▶ Exercise data
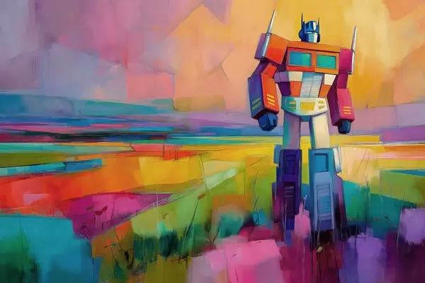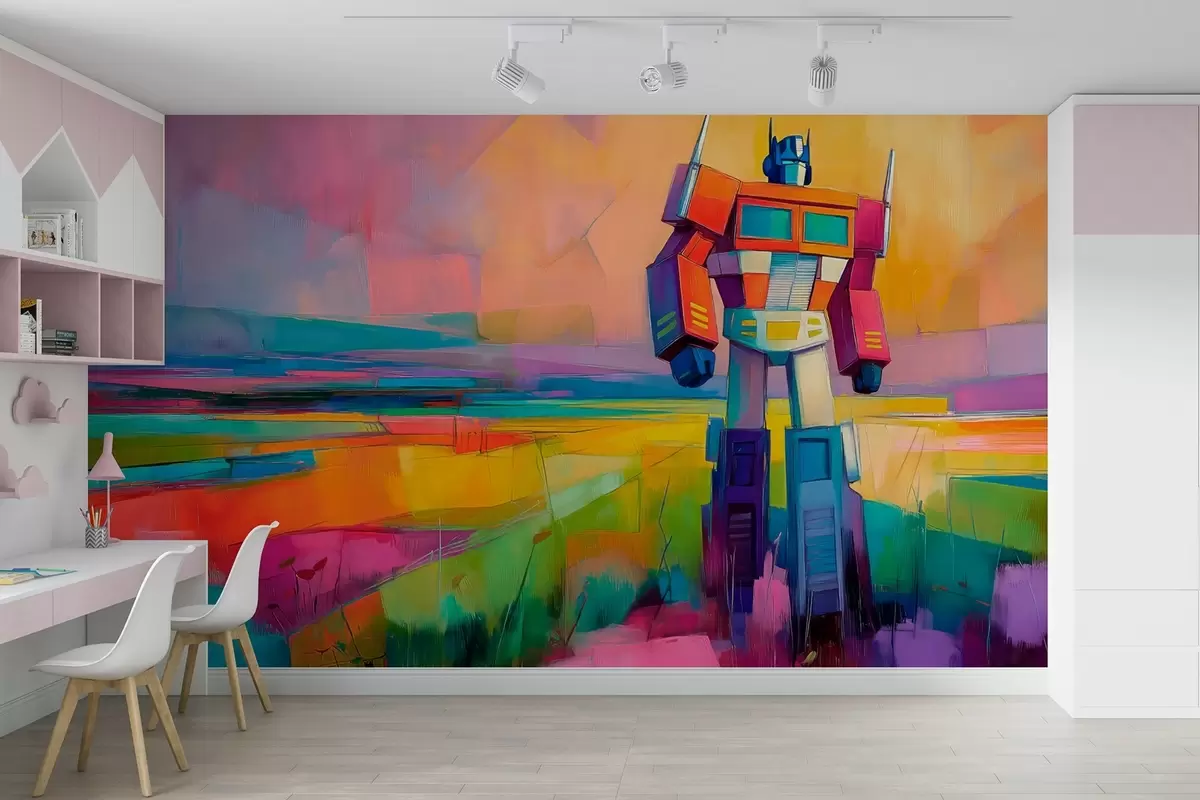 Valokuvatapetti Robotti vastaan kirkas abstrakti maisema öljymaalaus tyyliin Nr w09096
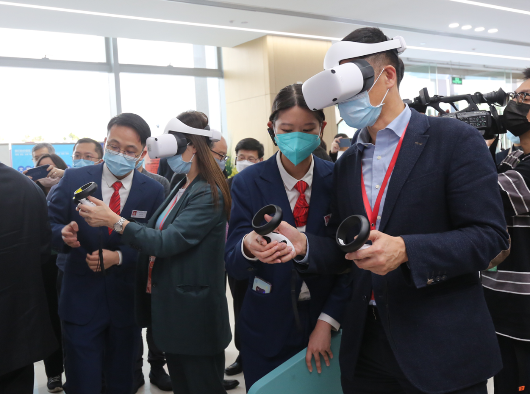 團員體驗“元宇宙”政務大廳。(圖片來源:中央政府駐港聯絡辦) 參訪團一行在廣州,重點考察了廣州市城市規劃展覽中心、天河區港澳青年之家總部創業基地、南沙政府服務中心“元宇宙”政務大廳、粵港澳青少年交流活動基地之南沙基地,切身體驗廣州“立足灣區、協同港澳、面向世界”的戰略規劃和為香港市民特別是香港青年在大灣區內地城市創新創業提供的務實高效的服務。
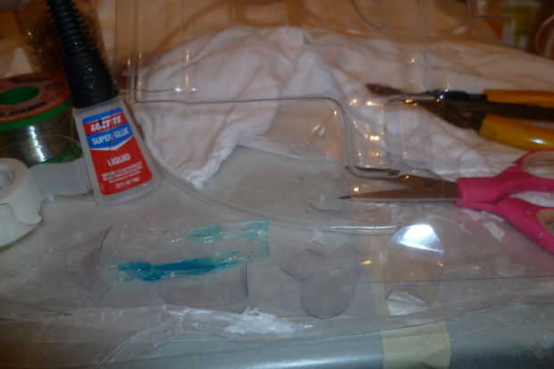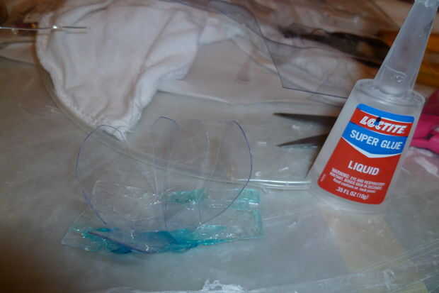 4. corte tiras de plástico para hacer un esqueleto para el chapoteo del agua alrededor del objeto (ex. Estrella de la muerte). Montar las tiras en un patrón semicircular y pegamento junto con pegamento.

▶ What you will do
Leave out the pictures and set down all of the data exactly.

▶ Task output
 Valokuvatapetti Robotti vastaan kirkas abstrakti maisema öljymaalaus tyyliin Nr w09096
 團員體驗“元宇宙”政務大廳。(圖片來源:中央政府駐港聯絡辦) 參訪團一行在廣州,重點考察了廣州市城市規劃展覽中心、天河區港澳青年之家總部創業基地、南沙政府服務中心“元宇宙”政務大廳、粵港澳青少年交流活動基地之南沙基地,切身體驗廣州“立足灣區、協同港澳、面向世界”的戰略規劃和為香港市民特別是香港青年在大灣區內地城市創新創業提供的務實高效的服務。
 4. corte tiras de plástico para hacer un esqueleto para el chapoteo del agua alrededor del objeto (ex. Estrella de la muerte). Montar las tiras en un patrón semicircular y pegamento junto con pegamento.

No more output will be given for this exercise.